Records from a collection:
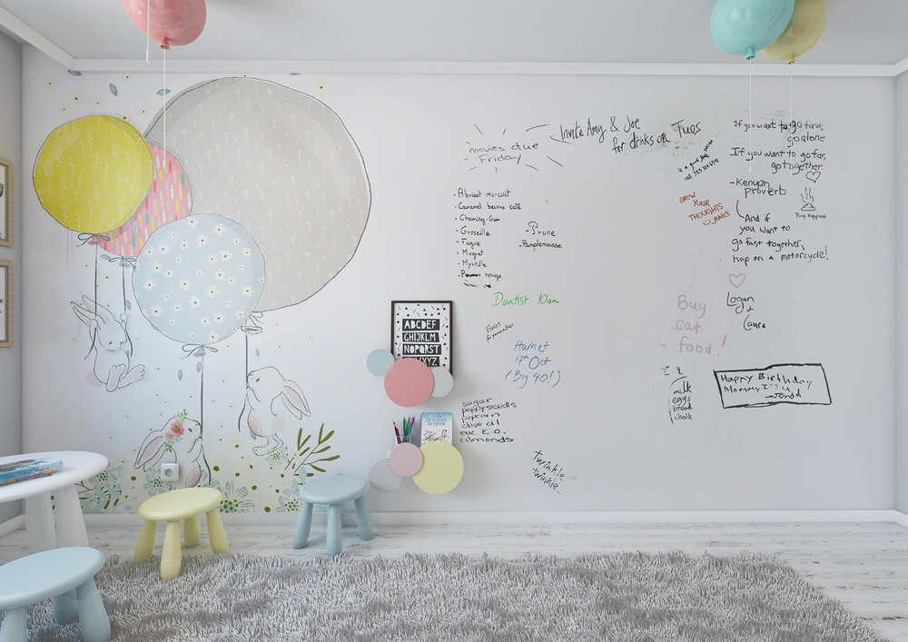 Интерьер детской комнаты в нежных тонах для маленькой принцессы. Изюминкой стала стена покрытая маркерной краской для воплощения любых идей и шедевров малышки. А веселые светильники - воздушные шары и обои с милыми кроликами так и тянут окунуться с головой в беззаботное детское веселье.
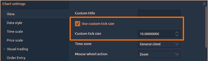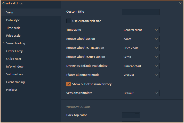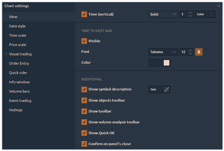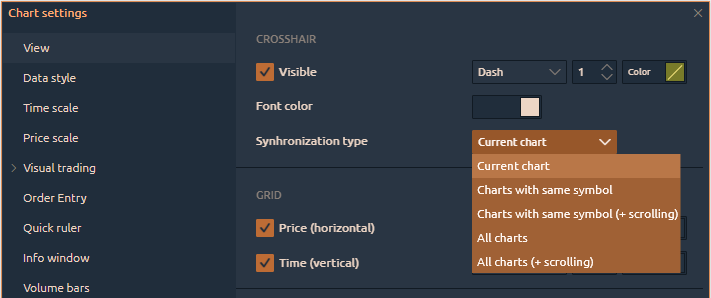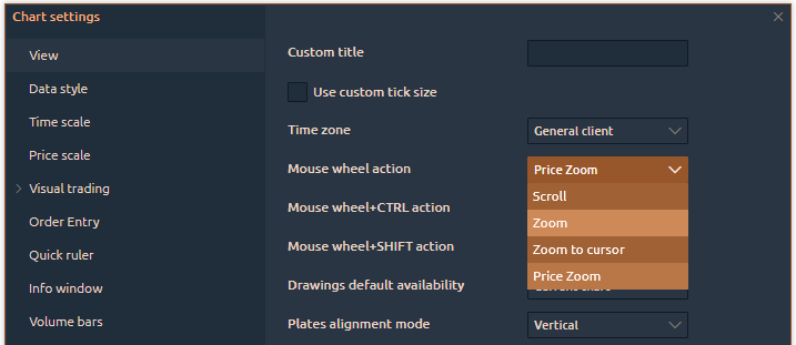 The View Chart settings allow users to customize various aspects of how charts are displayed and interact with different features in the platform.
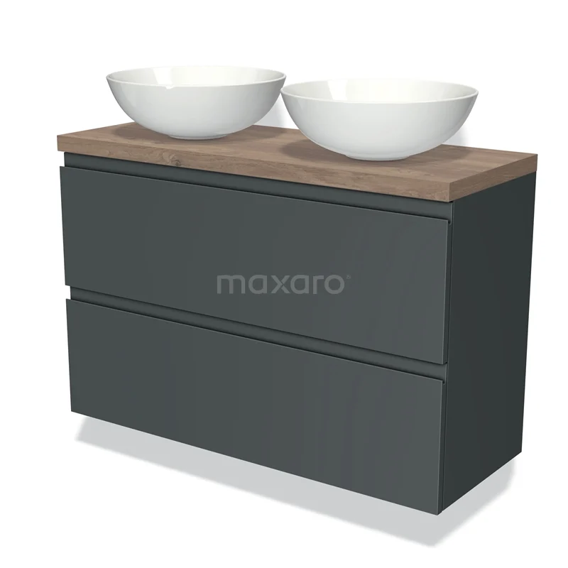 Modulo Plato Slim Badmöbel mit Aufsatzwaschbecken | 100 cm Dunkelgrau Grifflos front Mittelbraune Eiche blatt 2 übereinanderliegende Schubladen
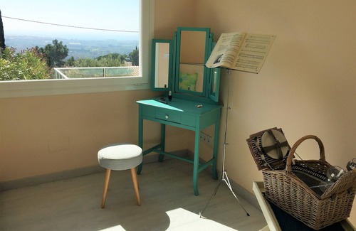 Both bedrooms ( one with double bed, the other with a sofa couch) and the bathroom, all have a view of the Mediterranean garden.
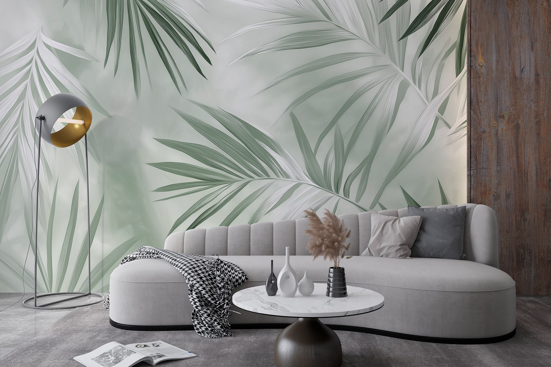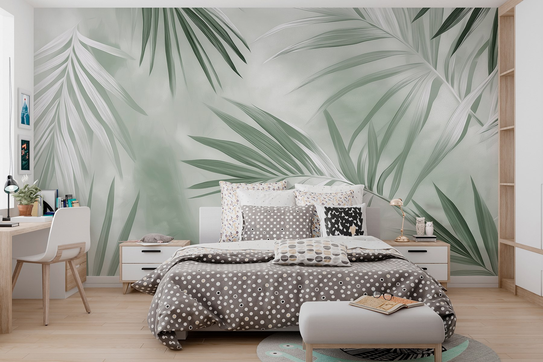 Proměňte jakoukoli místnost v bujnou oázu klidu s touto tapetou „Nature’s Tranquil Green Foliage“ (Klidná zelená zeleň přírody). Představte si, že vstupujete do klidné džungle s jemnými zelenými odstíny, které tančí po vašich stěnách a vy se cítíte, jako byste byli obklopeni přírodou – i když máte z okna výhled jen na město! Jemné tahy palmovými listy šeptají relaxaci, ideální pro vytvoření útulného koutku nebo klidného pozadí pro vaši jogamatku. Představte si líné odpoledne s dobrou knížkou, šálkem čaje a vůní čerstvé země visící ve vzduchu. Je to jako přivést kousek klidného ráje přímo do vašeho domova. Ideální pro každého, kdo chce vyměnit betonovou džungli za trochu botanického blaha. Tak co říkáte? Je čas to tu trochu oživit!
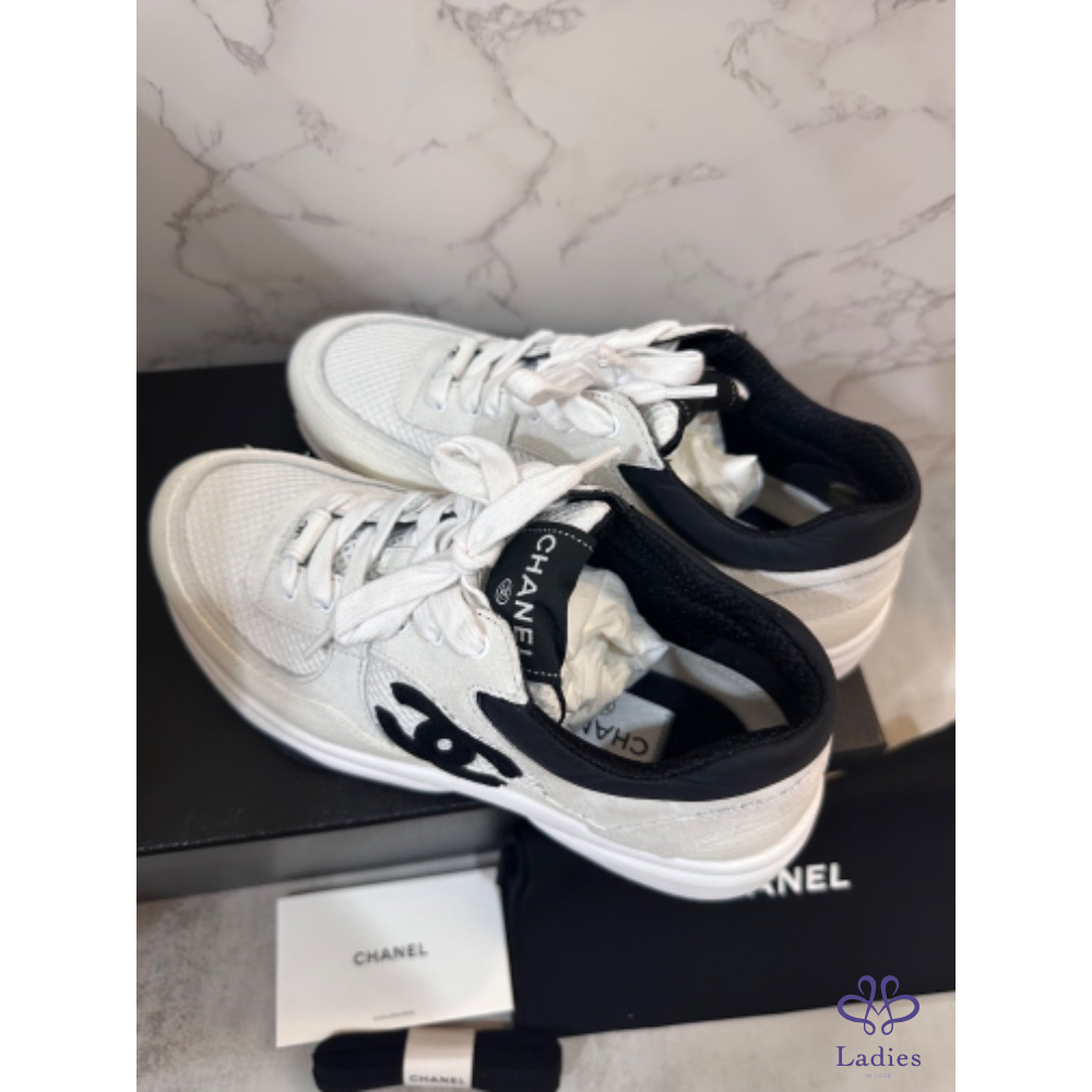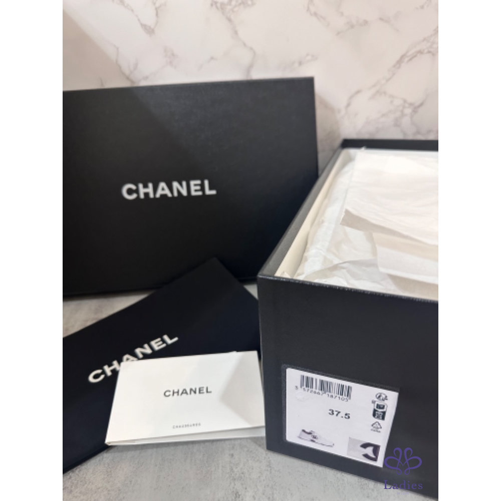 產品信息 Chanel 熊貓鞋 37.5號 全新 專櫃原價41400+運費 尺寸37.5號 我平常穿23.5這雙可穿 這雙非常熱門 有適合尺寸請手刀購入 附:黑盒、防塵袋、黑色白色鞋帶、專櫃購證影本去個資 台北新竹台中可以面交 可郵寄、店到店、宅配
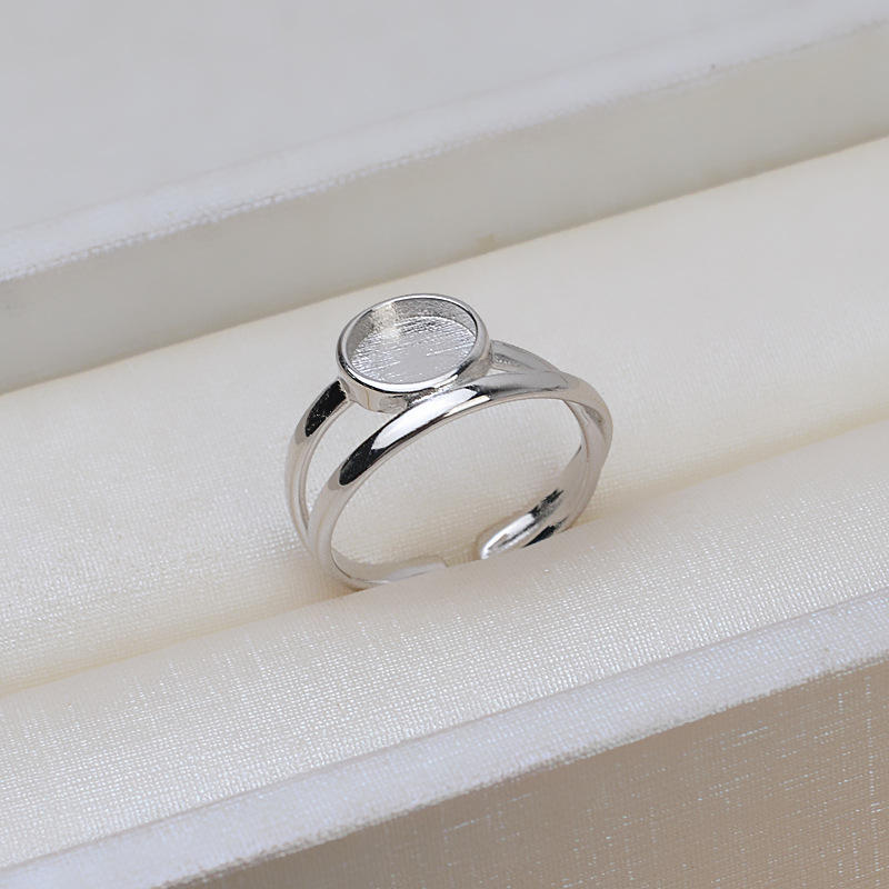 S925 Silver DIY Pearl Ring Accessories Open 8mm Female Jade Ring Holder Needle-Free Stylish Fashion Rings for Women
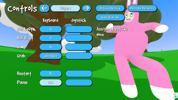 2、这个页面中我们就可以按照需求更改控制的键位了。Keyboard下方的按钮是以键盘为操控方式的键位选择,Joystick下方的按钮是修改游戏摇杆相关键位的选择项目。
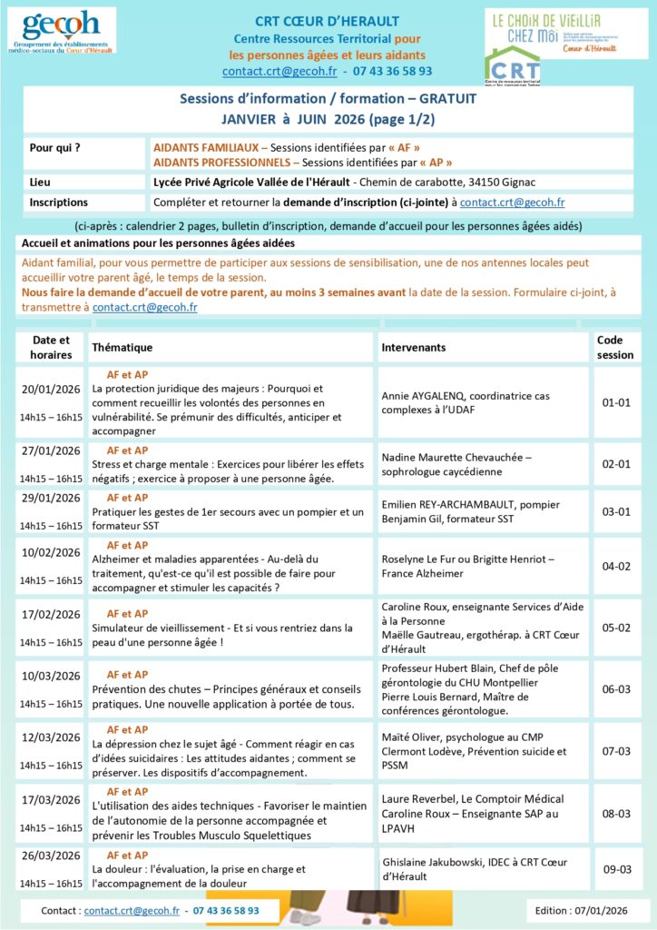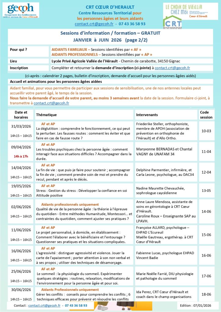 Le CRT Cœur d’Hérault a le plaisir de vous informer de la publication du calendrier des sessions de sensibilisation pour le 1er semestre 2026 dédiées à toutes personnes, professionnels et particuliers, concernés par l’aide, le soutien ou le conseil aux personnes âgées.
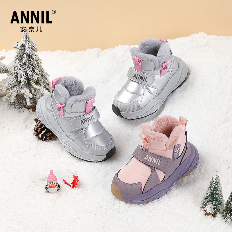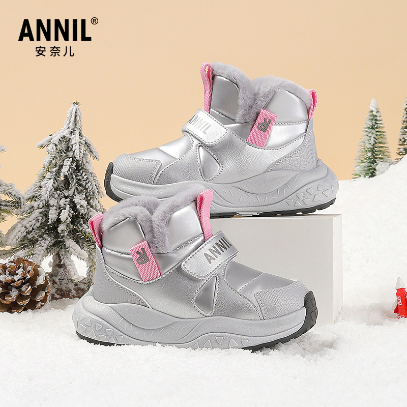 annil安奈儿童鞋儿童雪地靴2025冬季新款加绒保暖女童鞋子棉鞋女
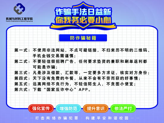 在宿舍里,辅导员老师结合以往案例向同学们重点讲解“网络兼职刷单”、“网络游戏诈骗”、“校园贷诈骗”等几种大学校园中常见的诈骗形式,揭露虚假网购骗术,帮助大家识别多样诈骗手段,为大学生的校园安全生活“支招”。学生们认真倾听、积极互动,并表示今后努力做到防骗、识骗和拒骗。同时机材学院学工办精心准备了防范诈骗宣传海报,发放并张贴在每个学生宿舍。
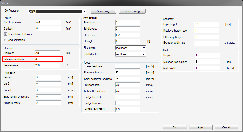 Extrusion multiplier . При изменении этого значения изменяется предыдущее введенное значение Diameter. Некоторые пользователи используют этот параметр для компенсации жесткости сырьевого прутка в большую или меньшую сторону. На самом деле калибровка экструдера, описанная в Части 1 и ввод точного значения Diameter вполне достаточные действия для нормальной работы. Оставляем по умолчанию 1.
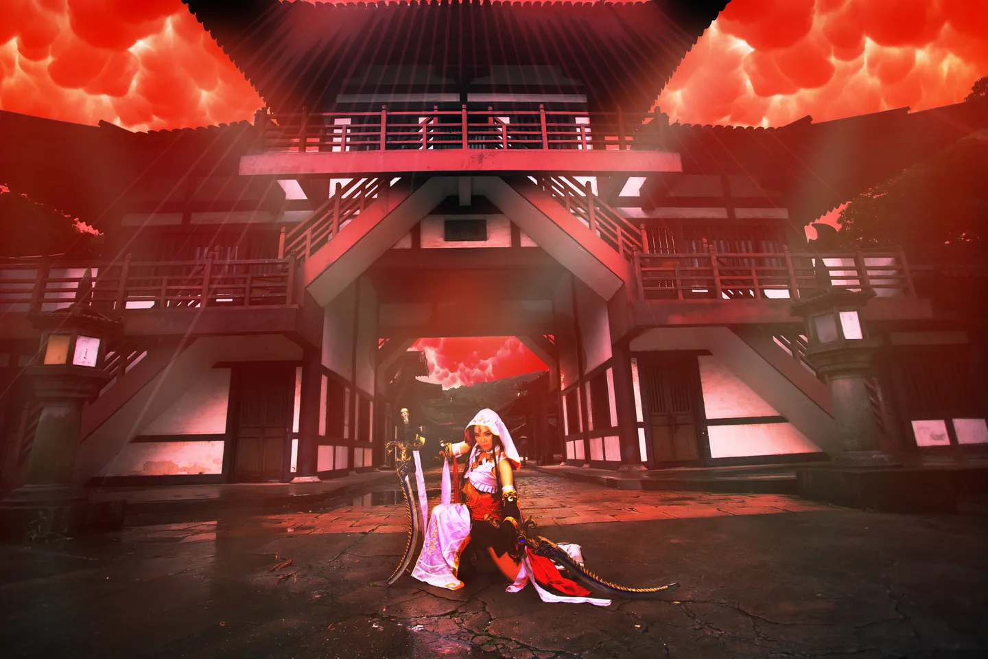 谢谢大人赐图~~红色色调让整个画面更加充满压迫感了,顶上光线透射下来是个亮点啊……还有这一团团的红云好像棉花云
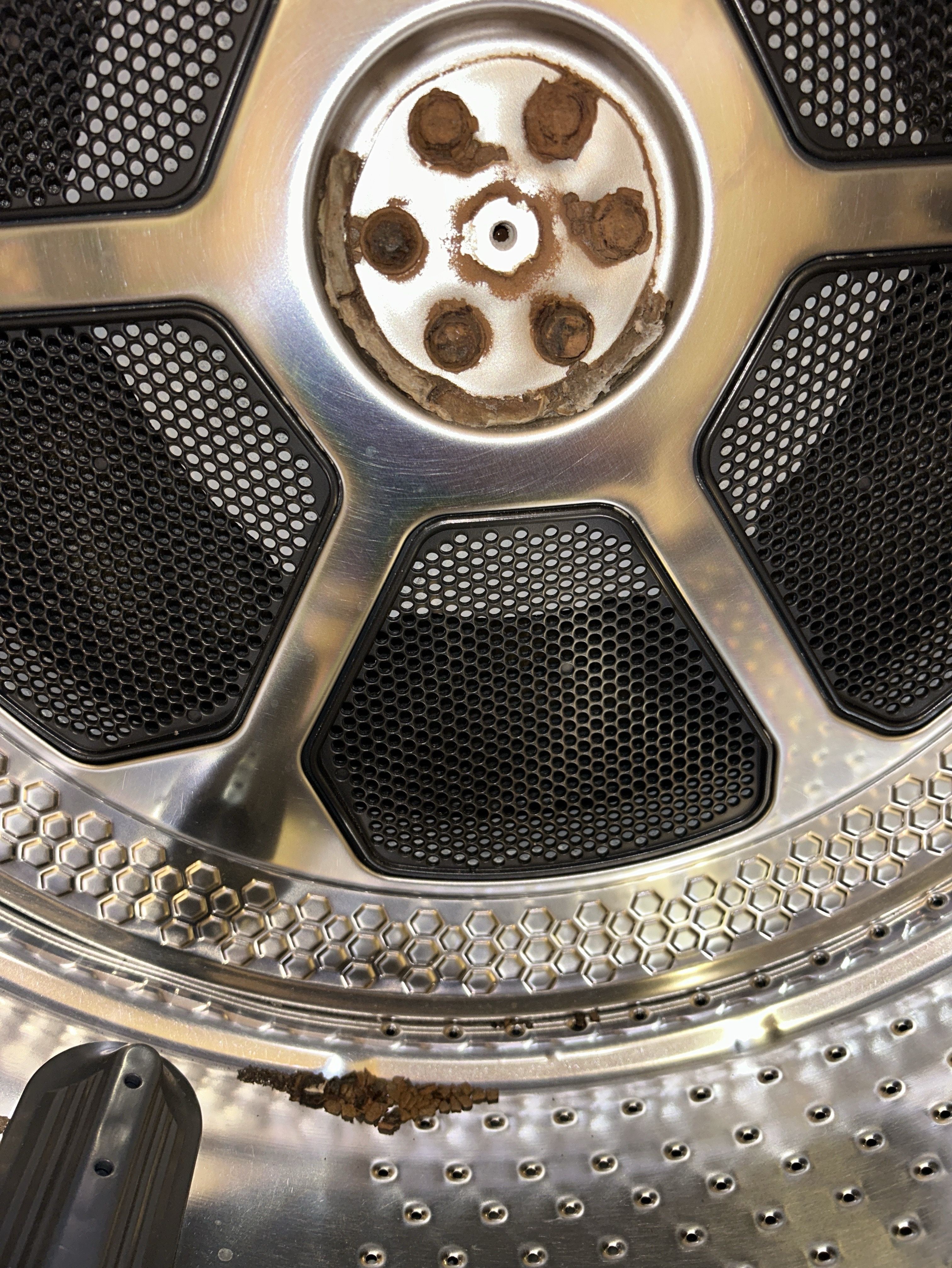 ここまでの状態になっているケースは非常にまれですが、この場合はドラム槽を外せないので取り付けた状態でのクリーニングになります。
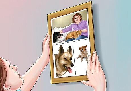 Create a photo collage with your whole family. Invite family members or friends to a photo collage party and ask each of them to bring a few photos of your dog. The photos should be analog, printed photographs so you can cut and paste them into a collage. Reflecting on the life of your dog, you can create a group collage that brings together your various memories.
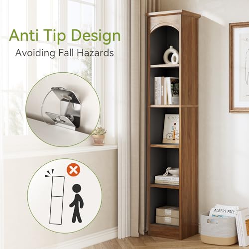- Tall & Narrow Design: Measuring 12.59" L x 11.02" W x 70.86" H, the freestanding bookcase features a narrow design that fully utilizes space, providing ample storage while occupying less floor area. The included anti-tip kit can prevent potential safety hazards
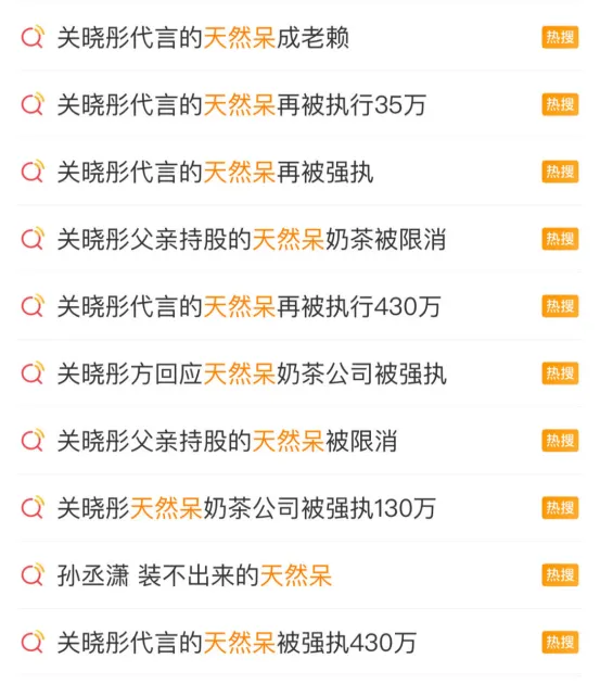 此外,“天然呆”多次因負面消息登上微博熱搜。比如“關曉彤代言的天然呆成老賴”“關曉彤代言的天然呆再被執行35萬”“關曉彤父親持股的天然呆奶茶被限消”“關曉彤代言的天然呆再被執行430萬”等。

PROBLEM STATEMENT: For every entry above, write it out exactly and remove any image.

EXERCISE ANSWER:
 Интерьер детской комнаты в нежных тонах для маленькой принцессы. Изюминкой стала стена покрытая маркерной краской для воплощения любых идей и шедевров малышки. А веселые светильники - воздушные шары и обои с милыми кроликами так и тянут окунуться с головой в беззаботное детское веселье.
 The View Chart settings allow users to customize various aspects of how charts are displayed and interact with different features in the platform.
 Modulo Plato Slim Badmöbel mit Aufsatzwaschbecken | 100 cm Dunkelgrau Grifflos front Mittelbraune Eiche blatt 2 übereinanderliegende Schubladen
 Both bedrooms ( one with double bed, the other with a sofa couch) and the bathroom, all have a view of the Mediterranean garden.
 Proměňte jakoukoli místnost v bujnou oázu klidu s touto tapetou „Nature’s Tranquil Green Foliage“ (Klidná zelená zeleň přírody). Představte si, že vstupujete do klidné džungle s jemnými zelenými odstíny, které tančí po vašich stěnách a vy se cítíte, jako byste byli obklopeni přírodou – i když máte z okna výhled jen na město! Jemné tahy palmovými listy šeptají relaxaci, ideální pro vytvoření útulného koutku nebo klidného pozadí pro vaši jogamatku. Představte si líné odpoledne s dobrou knížkou, šálkem čaje a vůní čerstvé země visící ve vzduchu. Je to jako přivést kousek klidného ráje přímo do vašeho domova. Ideální pro každého, kdo chce vyměnit betonovou džungli za trochu botanického blaha. Tak co říkáte? Je čas to tu trochu oživit!
 產品信息 Chanel 熊貓鞋 37.5號 全新 專櫃原價41400+運費 尺寸37.5號 我平常穿23.5這雙可穿 這雙非常熱門 有適合尺寸請手刀購入 附:黑盒、防塵袋、黑色白色鞋帶、專櫃購證影本去個資 台北新竹台中可以面交 可郵寄、店到店、宅配
 S925 Silver DIY Pearl Ring Accessories Open 8mm Female Jade Ring Holder Needle-Free Stylish Fashion Rings for Women
 2、这个页面中我们就可以按照需求更改控制的键位了。Keyboard下方的按钮是以键盘为操控方式的键位选择,Joystick下方的按钮是修改游戏摇杆相关键位的选择项目。
 Le CRT Cœur d’Hérault a le plaisir de vous informer de la publication du calendrier des sessions de sensibilisation pour le 1er semestre 2026 dédiées à toutes personnes, professionnels et particuliers, concernés par l’aide, le soutien ou le conseil aux personnes âgées.
 annil安奈儿童鞋儿童雪地靴2025冬季新款加绒保暖女童鞋子棉鞋女
 在宿舍里,辅导员老师结合以往案例向同学们重点讲解“网络兼职刷单”、“网络游戏诈骗”、“校园贷诈骗”等几种大学校园中常见的诈骗形式,揭露虚假网购骗术,帮助大家识别多样诈骗手段,为大学生的校园安全生活“支招”。学生们认真倾听、积极互动,并表示今后努力做到防骗、识骗和拒骗。同时机材学院学工办精心准备了防范诈骗宣传海报,发放并张贴在每个学生宿舍。
 Extrusion multiplier . При изменении этого значения изменяется предыдущее введенное значение Diameter. Некоторые пользователи используют этот параметр для компенсации жесткости сырьевого прутка в большую или меньшую сторону. На самом деле калибровка экструдера, описанная в Части 1 и ввод точного значения Diameter вполне достаточные действия для нормальной работы. Оставляем по умолчанию 1.
 谢谢大人赐图~~红色色调让整个画面更加充满压迫感了,顶上光线透射下来是个亮点啊……还有这一团团的红云好像棉花云
 ここまでの状態になっているケースは非常にまれですが、この場合はドラム槽を外せないので取り付けた状態でのクリーニングになります。
 Create a photo collage with your whole family. Invite family members or friends to a photo collage party and ask each of them to bring a few photos of your dog. The photos should be analog, printed photographs so you can cut and paste them into a collage. Reflecting on the life of your dog, you can create a group collage that brings together your various memories.
- Tall & Narrow Design: Measuring 12.59" L x 11.02" W x 70.86" H, the freestanding bookcase features a narrow design that fully utilizes space, providing ample storage while occupying less floor area. The included anti-tip kit can prevent potential safety hazards
 此外,“天然呆”多次因負面消息登上微博熱搜。比如“關曉彤代言的天然呆成老賴”“關曉彤代言的天然呆再被執行35萬”“關曉彤父親持股的天然呆奶茶被限消”“關曉彤代言的天然呆再被執行430萬”等。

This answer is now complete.